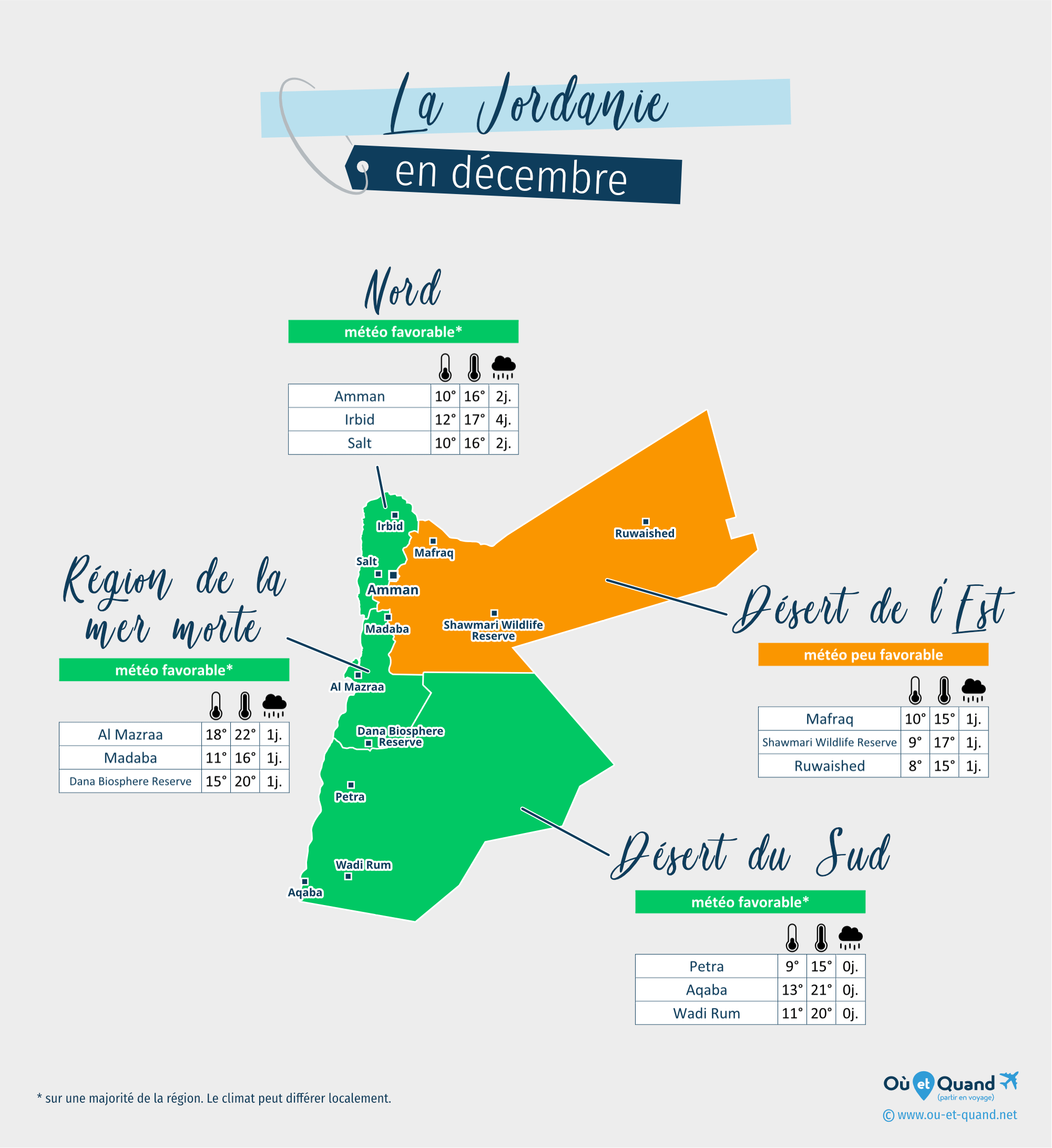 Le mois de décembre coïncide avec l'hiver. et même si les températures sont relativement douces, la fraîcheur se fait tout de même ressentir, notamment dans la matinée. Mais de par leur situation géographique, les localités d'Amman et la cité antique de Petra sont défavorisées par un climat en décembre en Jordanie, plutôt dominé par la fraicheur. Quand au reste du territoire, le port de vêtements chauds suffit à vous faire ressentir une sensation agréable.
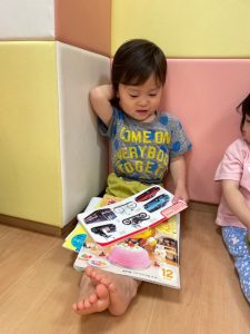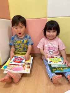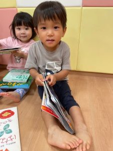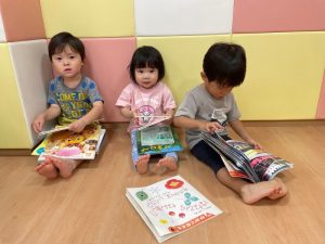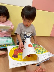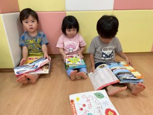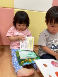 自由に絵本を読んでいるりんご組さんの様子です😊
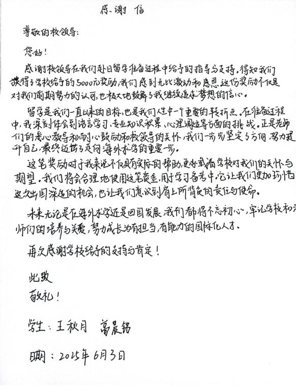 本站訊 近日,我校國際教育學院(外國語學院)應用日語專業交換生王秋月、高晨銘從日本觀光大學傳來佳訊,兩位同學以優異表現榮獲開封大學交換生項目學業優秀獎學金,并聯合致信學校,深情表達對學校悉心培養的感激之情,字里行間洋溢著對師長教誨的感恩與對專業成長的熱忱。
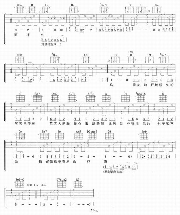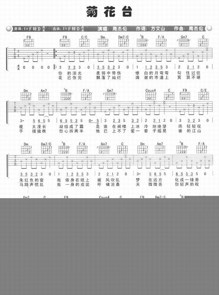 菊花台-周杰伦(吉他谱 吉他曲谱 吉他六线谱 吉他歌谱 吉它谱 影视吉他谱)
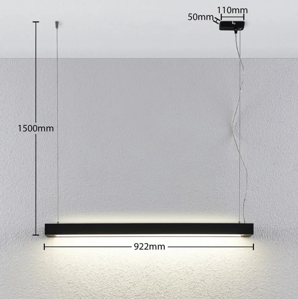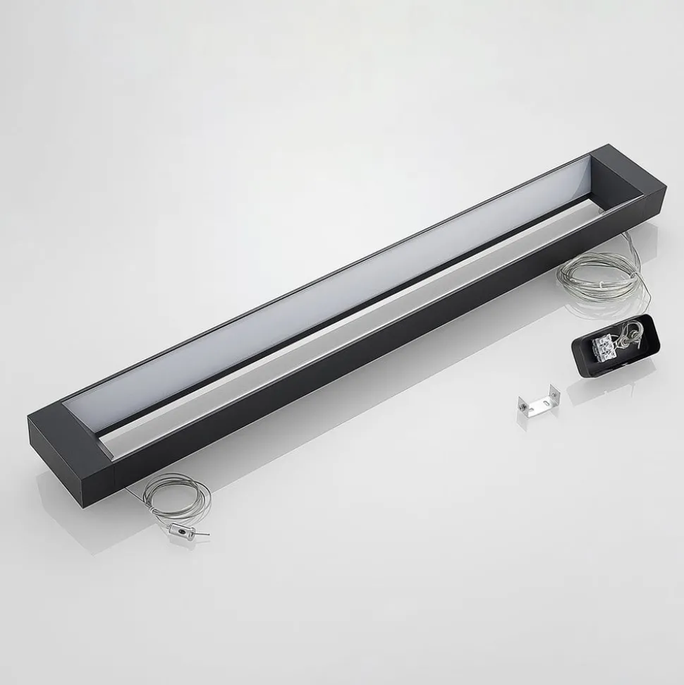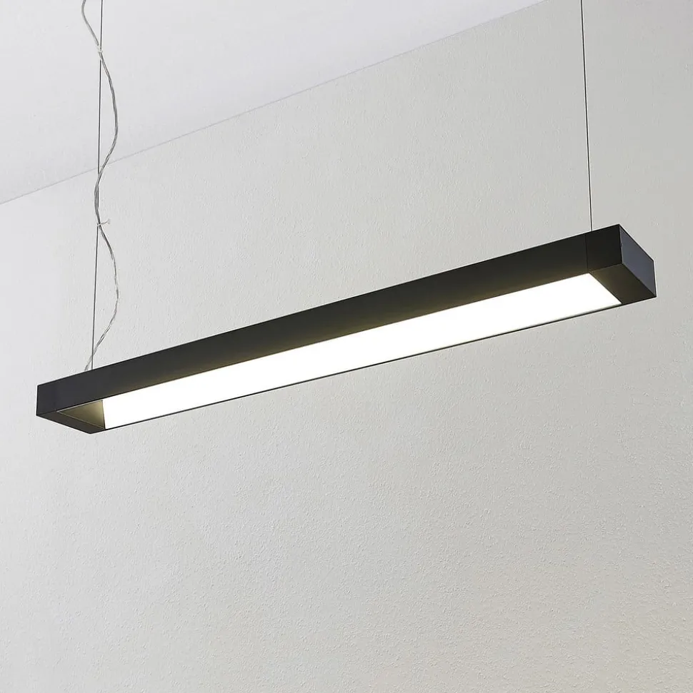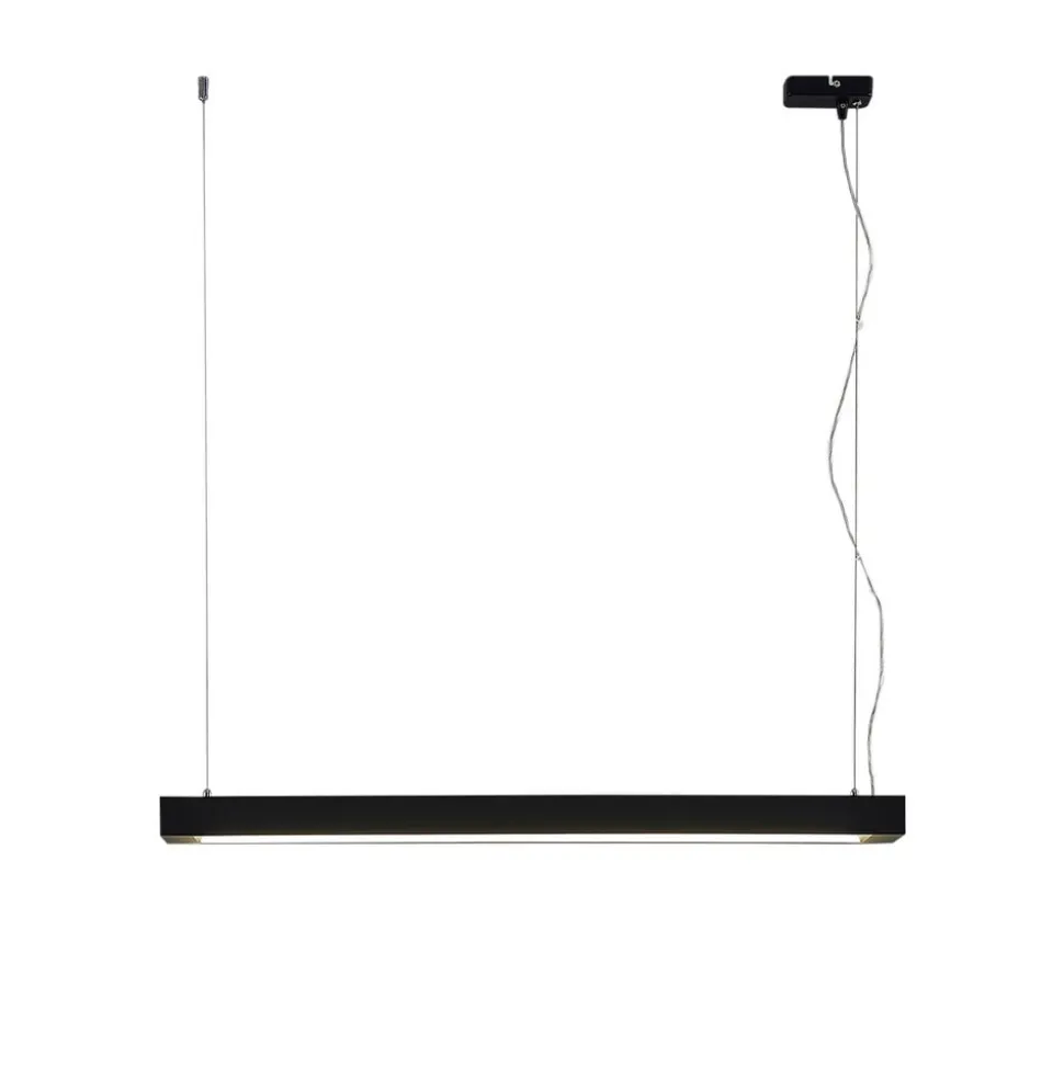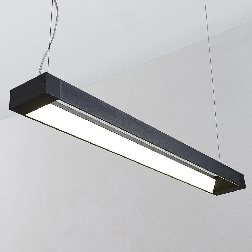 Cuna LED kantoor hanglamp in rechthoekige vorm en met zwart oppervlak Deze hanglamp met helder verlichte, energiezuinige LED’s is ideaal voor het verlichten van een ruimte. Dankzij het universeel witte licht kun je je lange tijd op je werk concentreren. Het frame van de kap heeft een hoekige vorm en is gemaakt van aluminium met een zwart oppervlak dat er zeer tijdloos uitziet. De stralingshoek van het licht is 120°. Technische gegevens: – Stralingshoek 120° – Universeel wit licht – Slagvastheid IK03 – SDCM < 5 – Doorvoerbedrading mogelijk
...
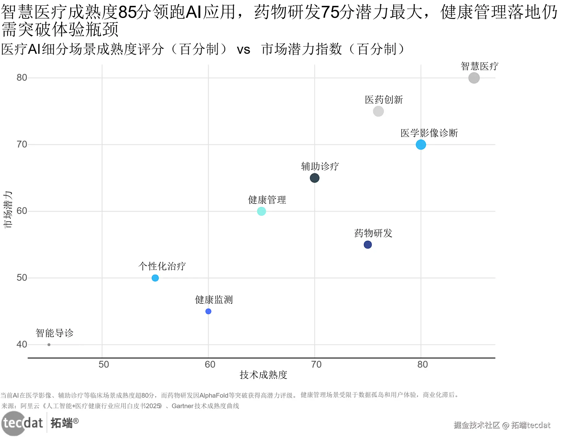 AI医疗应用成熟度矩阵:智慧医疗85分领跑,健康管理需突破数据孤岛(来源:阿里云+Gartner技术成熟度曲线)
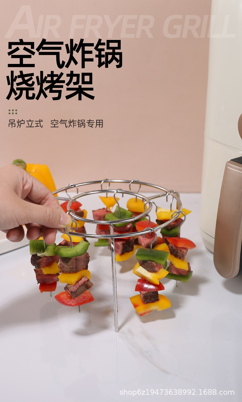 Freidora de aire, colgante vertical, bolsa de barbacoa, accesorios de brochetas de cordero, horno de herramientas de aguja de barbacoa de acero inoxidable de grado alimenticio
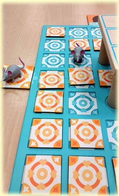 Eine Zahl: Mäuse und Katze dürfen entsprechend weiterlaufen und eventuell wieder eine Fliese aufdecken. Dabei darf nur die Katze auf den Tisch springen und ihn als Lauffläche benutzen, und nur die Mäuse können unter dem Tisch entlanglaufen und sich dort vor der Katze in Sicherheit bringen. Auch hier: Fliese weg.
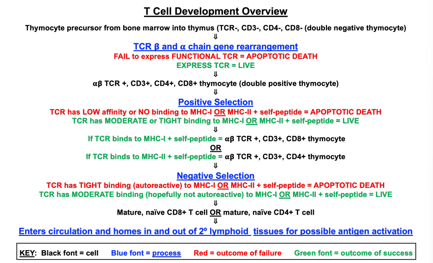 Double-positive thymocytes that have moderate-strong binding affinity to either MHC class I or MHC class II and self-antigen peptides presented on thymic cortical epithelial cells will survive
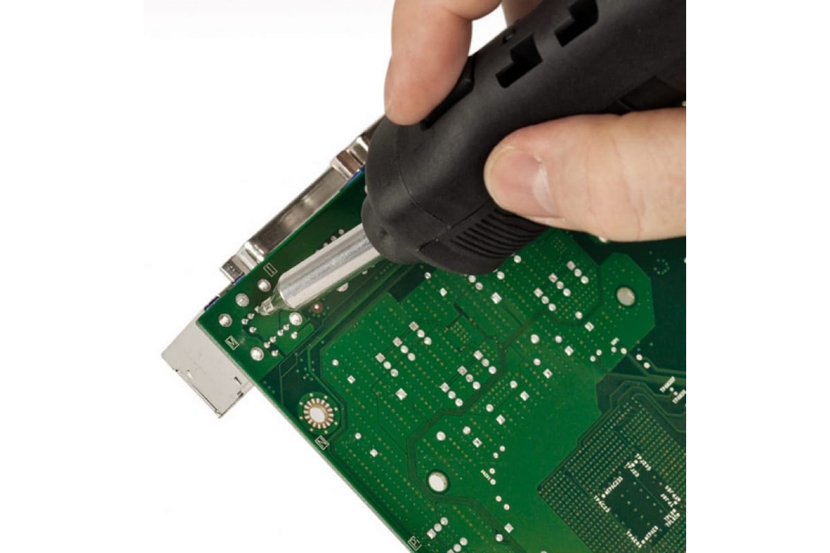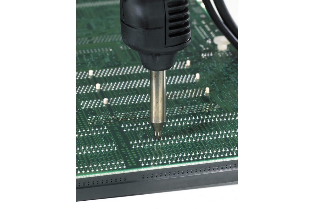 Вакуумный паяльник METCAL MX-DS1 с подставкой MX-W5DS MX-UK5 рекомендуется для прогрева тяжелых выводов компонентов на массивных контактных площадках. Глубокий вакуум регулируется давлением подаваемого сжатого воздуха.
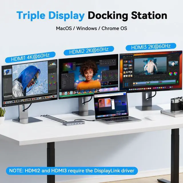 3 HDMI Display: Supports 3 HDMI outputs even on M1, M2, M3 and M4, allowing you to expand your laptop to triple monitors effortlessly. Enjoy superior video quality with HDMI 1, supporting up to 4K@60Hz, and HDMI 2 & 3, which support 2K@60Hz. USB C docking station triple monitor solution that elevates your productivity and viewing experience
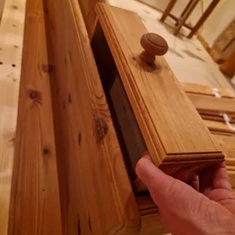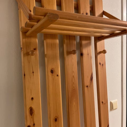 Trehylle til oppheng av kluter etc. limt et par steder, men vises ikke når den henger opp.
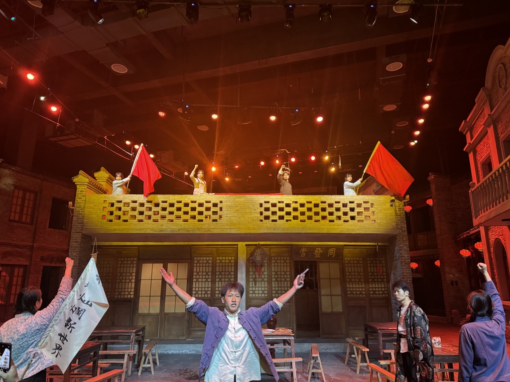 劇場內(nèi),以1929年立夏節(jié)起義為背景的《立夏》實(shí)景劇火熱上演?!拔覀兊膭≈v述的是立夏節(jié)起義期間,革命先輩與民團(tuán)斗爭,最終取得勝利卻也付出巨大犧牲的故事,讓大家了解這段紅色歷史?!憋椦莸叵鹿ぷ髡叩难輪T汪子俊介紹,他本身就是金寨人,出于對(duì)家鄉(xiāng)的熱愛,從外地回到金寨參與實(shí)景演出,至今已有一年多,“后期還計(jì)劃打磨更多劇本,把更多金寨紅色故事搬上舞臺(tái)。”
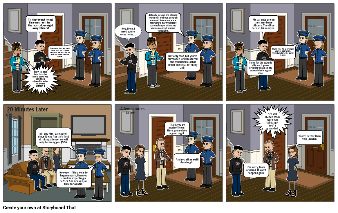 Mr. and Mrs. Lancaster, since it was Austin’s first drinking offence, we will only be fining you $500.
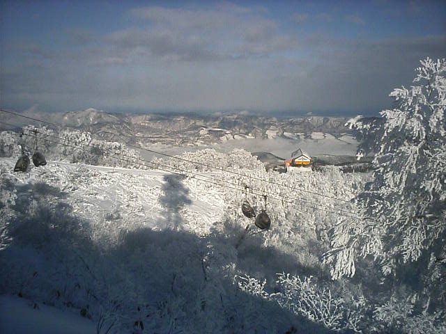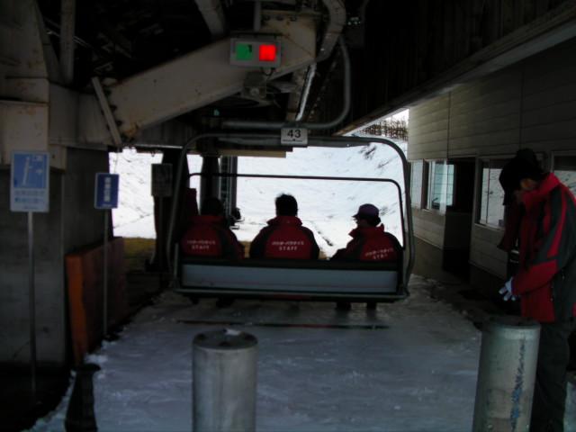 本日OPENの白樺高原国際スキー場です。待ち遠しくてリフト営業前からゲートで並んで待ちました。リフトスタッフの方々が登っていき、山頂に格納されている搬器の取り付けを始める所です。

● TASK BRIEF
From the data above, return only the lines starting at the line that holds "Le mois de décembre" and ending at the line that holds "Cuna LED kantoor", word for word and without pictures.

● YOUR SOLUTION
 Le mois de décembre coïncide avec l'hiver. et même si les températures sont relativement douces, la fraîcheur se fait tout de même ressentir, notamment dans la matinée. Mais de par leur situation géographique, les localités d'Amman et la cité antique de Petra sont défavorisées par un climat en décembre en Jordanie, plutôt dominé par la fraicheur. Quand au reste du territoire, le port de vêtements chauds suffit à vous faire ressentir une sensation agréable.
 自由に絵本を読んでいるりんご組さんの様子です😊
 本站訊 近日,我校國際教育學院(外國語學院)應用日語專業交換生王秋月、高晨銘從日本觀光大學傳來佳訊,兩位同學以優異表現榮獲開封大學交換生項目學業優秀獎學金,并聯合致信學校,深情表達對學校悉心培養的感激之情,字里行間洋溢著對師長教誨的感恩與對專業成長的熱忱。
 菊花台-周杰伦(吉他谱 吉他曲谱 吉他六线谱 吉他歌谱 吉它谱 影视吉他谱)
 Cuna LED kantoor hanglamp in rechthoekige vorm en met zwart oppervlak Deze hanglamp met helder verlichte, energiezuinige LED’s is ideaal voor het verlichten van een ruimte. Dankzij het universeel witte licht kun je je lange tijd op je werk concentreren. Het frame van de kap heeft een hoekige vorm en is gemaakt van aluminium met een zwart oppervlak dat er zeer tijdloos uitziet. De stralingshoek van het licht is 120°. Technische gegevens: – Stralingshoek 120° – Universeel wit licht – Slagvastheid IK03 – SDCM < 5 – Doorvoerbedrading mogelijk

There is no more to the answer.